Records from a data source:
*** Block opens ***

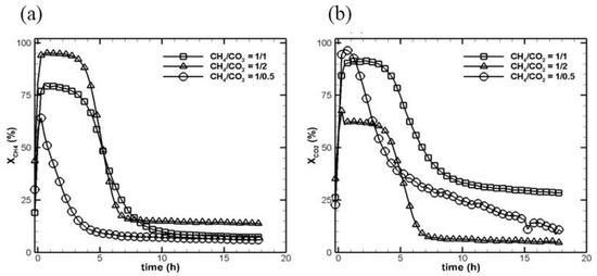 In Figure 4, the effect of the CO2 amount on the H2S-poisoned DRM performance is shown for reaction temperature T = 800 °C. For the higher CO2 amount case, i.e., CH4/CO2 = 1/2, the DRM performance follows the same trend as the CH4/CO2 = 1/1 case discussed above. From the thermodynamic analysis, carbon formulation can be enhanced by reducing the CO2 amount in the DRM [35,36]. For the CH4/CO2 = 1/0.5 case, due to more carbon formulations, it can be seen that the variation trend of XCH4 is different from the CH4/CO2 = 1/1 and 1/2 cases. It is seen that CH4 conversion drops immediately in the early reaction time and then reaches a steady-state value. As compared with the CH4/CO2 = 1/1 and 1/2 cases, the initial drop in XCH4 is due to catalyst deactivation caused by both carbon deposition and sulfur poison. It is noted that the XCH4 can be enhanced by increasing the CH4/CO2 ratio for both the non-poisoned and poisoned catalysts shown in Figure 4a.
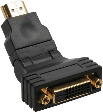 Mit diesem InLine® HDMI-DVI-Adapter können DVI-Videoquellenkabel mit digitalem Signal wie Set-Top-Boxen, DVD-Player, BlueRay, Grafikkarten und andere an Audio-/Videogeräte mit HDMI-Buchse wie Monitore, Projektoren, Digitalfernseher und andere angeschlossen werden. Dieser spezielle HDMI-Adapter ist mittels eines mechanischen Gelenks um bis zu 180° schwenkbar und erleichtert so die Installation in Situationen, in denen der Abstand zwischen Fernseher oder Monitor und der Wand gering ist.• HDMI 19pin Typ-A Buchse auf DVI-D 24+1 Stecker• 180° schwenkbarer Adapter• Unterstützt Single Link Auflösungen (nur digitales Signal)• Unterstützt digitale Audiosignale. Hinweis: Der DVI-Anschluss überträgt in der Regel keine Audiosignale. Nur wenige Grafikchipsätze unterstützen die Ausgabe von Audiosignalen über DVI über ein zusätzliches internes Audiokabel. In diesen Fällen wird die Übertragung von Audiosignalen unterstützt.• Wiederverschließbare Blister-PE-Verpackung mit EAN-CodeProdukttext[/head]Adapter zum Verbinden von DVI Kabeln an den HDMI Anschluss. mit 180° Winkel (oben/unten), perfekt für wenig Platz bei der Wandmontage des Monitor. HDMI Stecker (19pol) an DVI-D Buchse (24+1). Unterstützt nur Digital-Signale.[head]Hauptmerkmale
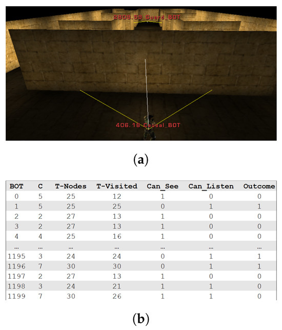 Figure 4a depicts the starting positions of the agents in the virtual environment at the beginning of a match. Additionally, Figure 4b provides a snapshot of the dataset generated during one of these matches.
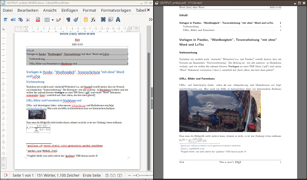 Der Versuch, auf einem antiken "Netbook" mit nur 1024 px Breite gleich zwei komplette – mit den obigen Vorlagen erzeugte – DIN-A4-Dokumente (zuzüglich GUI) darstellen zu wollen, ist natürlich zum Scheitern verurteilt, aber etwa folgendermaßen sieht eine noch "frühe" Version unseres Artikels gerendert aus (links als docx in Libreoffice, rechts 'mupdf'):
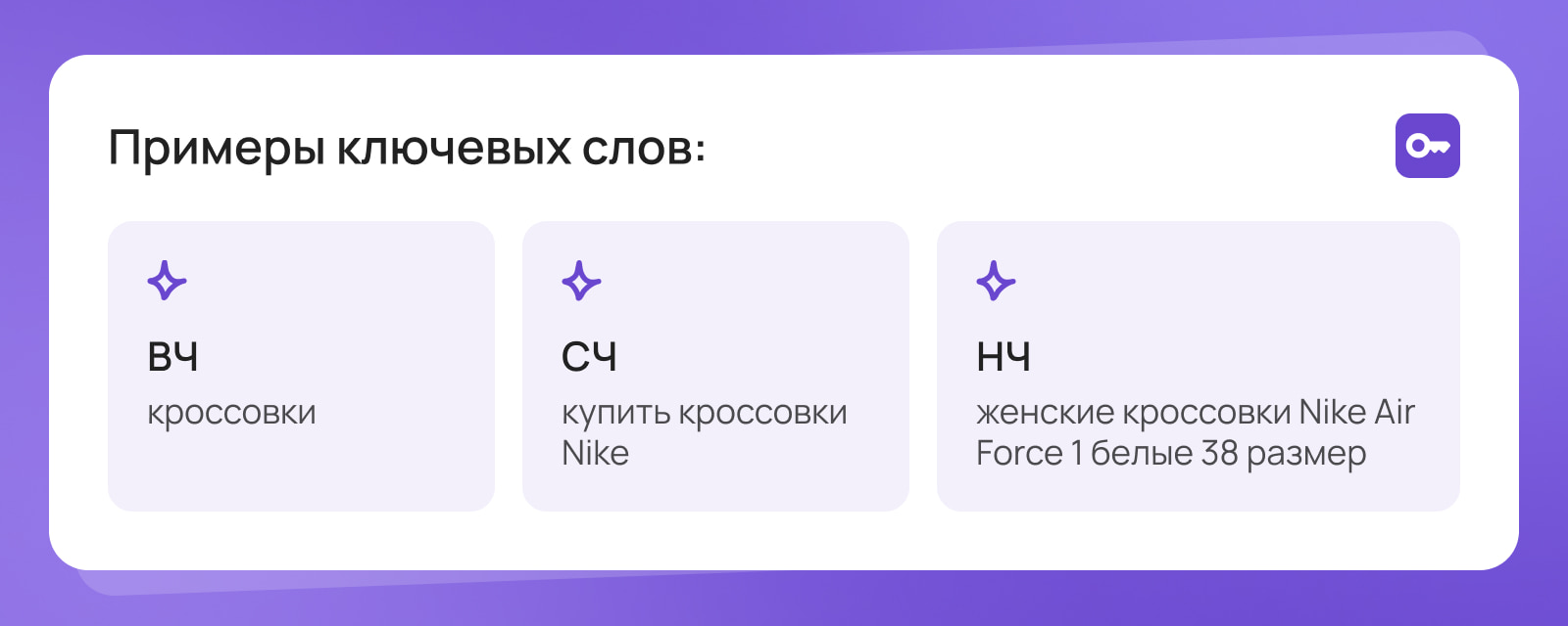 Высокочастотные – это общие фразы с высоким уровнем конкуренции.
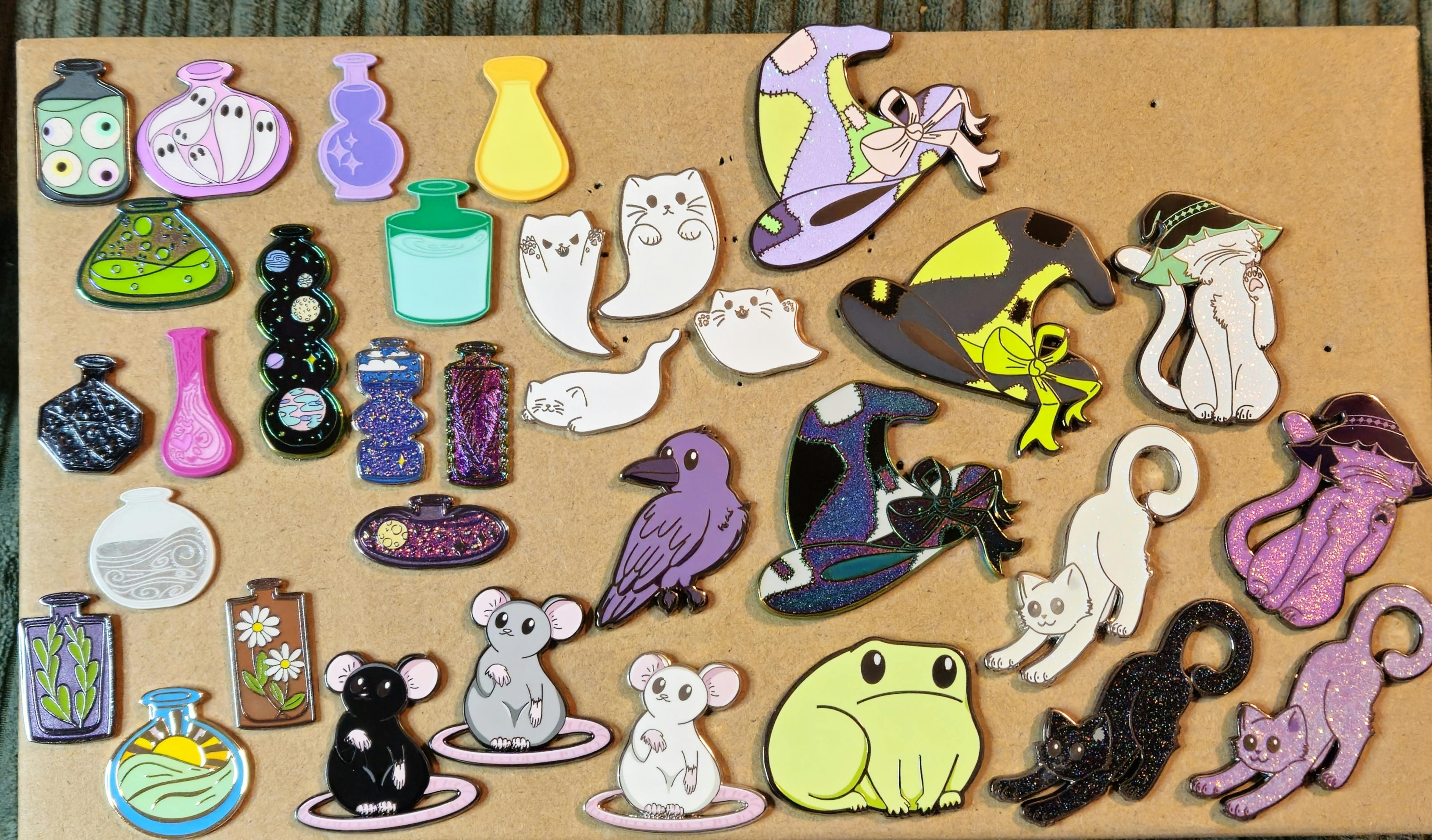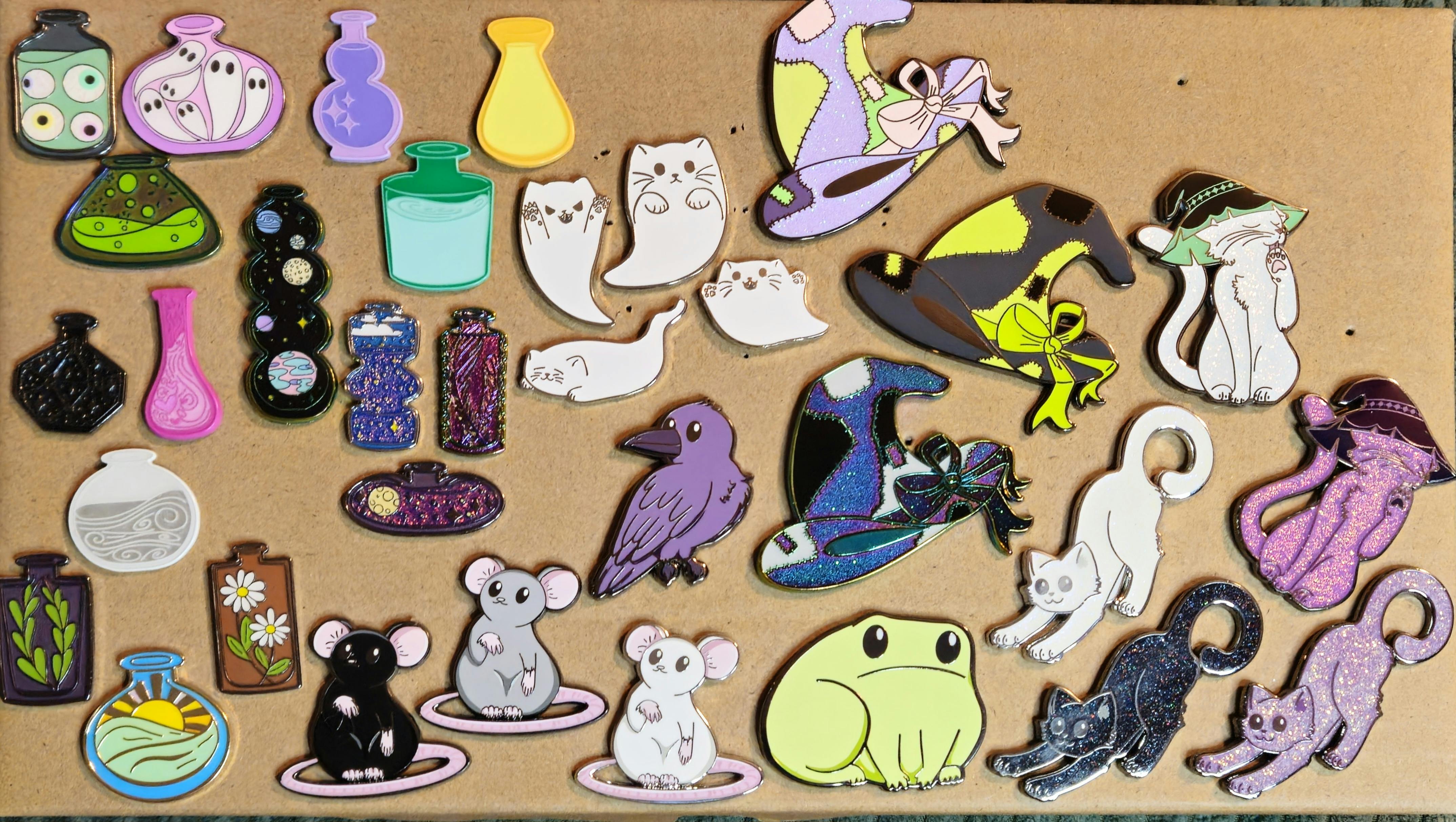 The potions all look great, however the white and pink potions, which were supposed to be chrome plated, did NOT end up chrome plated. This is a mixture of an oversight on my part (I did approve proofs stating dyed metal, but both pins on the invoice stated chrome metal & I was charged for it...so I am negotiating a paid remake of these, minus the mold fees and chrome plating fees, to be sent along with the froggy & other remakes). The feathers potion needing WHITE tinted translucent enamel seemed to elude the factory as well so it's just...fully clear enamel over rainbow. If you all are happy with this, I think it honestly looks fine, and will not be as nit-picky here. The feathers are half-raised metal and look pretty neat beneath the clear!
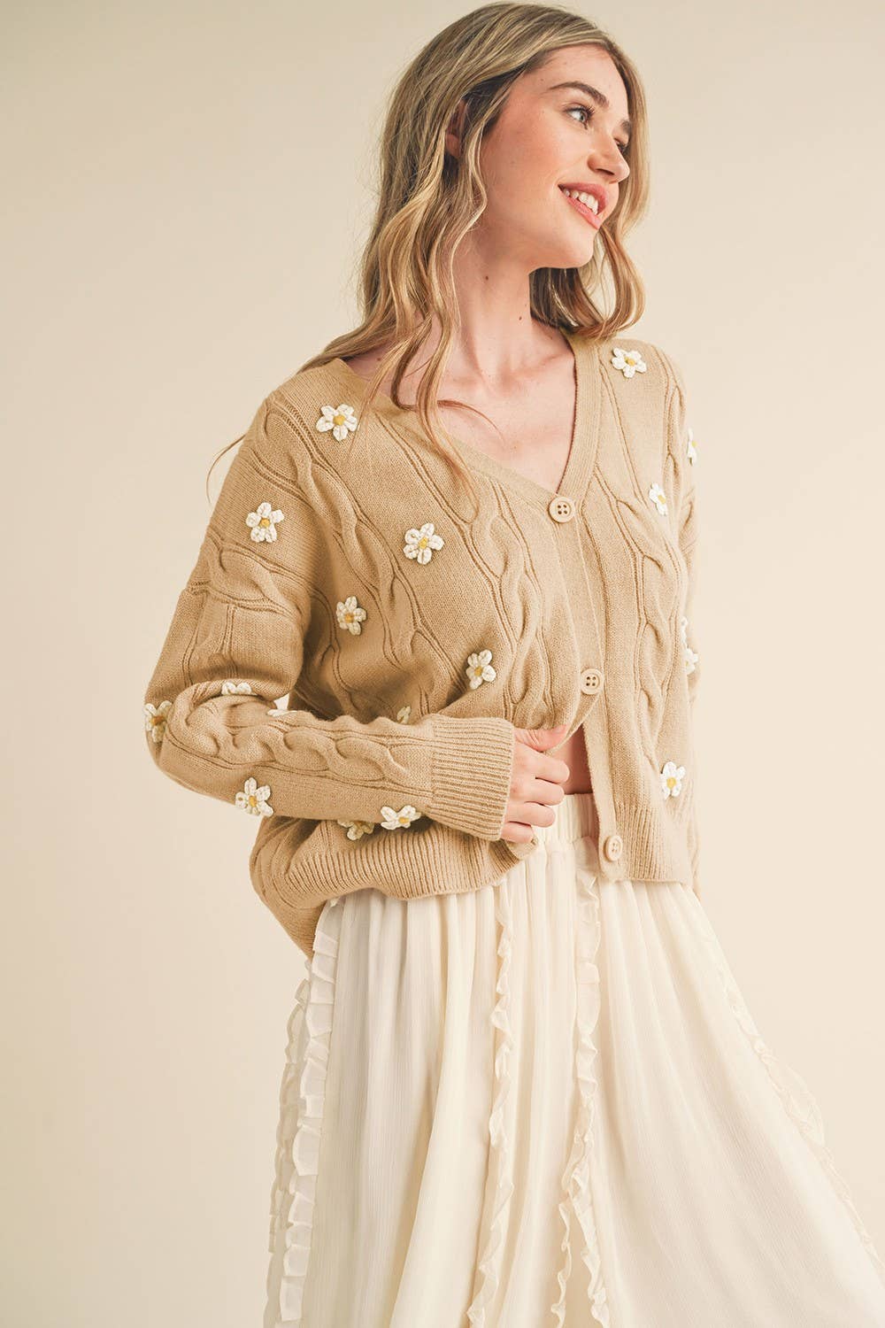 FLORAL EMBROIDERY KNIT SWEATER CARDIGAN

*** Block closes ***

• [Problem details]
Transcribe the records verbatim, excluding pictures.

• [Solution]
 In Figure 4, the effect of the CO2 amount on the H2S-poisoned DRM performance is shown for reaction temperature T = 800 °C. For the higher CO2 amount case, i.e., CH4/CO2 = 1/2, the DRM performance follows the same trend as the CH4/CO2 = 1/1 case discussed above. From the thermodynamic analysis, carbon formulation can be enhanced by reducing the CO2 amount in the DRM [35,36]. For the CH4/CO2 = 1/0.5 case, due to more carbon formulations, it can be seen that the variation trend of XCH4 is different from the CH4/CO2 = 1/1 and 1/2 cases. It is seen that CH4 conversion drops immediately in the early reaction time and then reaches a steady-state value. As compared with the CH4/CO2 = 1/1 and 1/2 cases, the initial drop in XCH4 is due to catalyst deactivation caused by both carbon deposition and sulfur poison. It is noted that the XCH4 can be enhanced by increasing the CH4/CO2 ratio for both the non-poisoned and poisoned catalysts shown in Figure 4a.
 Mit diesem InLine® HDMI-DVI-Adapter können DVI-Videoquellenkabel mit digitalem Signal wie Set-Top-Boxen, DVD-Player, BlueRay, Grafikkarten und andere an Audio-/Videogeräte mit HDMI-Buchse wie Monitore, Projektoren, Digitalfernseher und andere angeschlossen werden. Dieser spezielle HDMI-Adapter ist mittels eines mechanischen Gelenks um bis zu 180° schwenkbar und erleichtert so die Installation in Situationen, in denen der Abstand zwischen Fernseher oder Monitor und der Wand gering ist.• HDMI 19pin Typ-A Buchse auf DVI-D 24+1 Stecker• 180° schwenkbarer Adapter• Unterstützt Single Link Auflösungen (nur digitales Signal)• Unterstützt digitale Audiosignale. Hinweis: Der DVI-Anschluss überträgt in der Regel keine Audiosignale. Nur wenige Grafikchipsätze unterstützen die Ausgabe von Audiosignalen über DVI über ein zusätzliches internes Audiokabel. In diesen Fällen wird die Übertragung von Audiosignalen unterstützt.• Wiederverschließbare Blister-PE-Verpackung mit EAN-CodeProdukttext[/head]Adapter zum Verbinden von DVI Kabeln an den HDMI Anschluss. mit 180° Winkel (oben/unten), perfekt für wenig Platz bei der Wandmontage des Monitor. HDMI Stecker (19pol) an DVI-D Buchse (24+1). Unterstützt nur Digital-Signale.[head]Hauptmerkmale
 Figure 4a depicts the starting positions of the agents in the virtual environment at the beginning of a match. Additionally, Figure 4b provides a snapshot of the dataset generated during one of these matches.
 Der Versuch, auf einem antiken "Netbook" mit nur 1024 px Breite gleich zwei komplette – mit den obigen Vorlagen erzeugte – DIN-A4-Dokumente (zuzüglich GUI) darstellen zu wollen, ist natürlich zum Scheitern verurteilt, aber etwa folgendermaßen sieht eine noch "frühe" Version unseres Artikels gerendert aus (links als docx in Libreoffice, rechts 'mupdf'):
 Высокочастотные – это общие фразы с высоким уровнем конкуренции.
 The potions all look great, however the white and pink potions, which were supposed to be chrome plated, did NOT end up chrome plated. This is a mixture of an oversight on my part (I did approve proofs stating dyed metal, but both pins on the invoice stated chrome metal & I was charged for it...so I am negotiating a paid remake of these, minus the mold fees and chrome plating fees, to be sent along with the froggy & other remakes). The feathers potion needing WHITE tinted translucent enamel seemed to elude the factory as well so it's just...fully clear enamel over rainbow. If you all are happy with this, I think it honestly looks fine, and will not be as nit-picky here. The feathers are half-raised metal and look pretty neat beneath the clear!
 FLORAL EMBROIDERY KNIT SWEATER CARDIGAN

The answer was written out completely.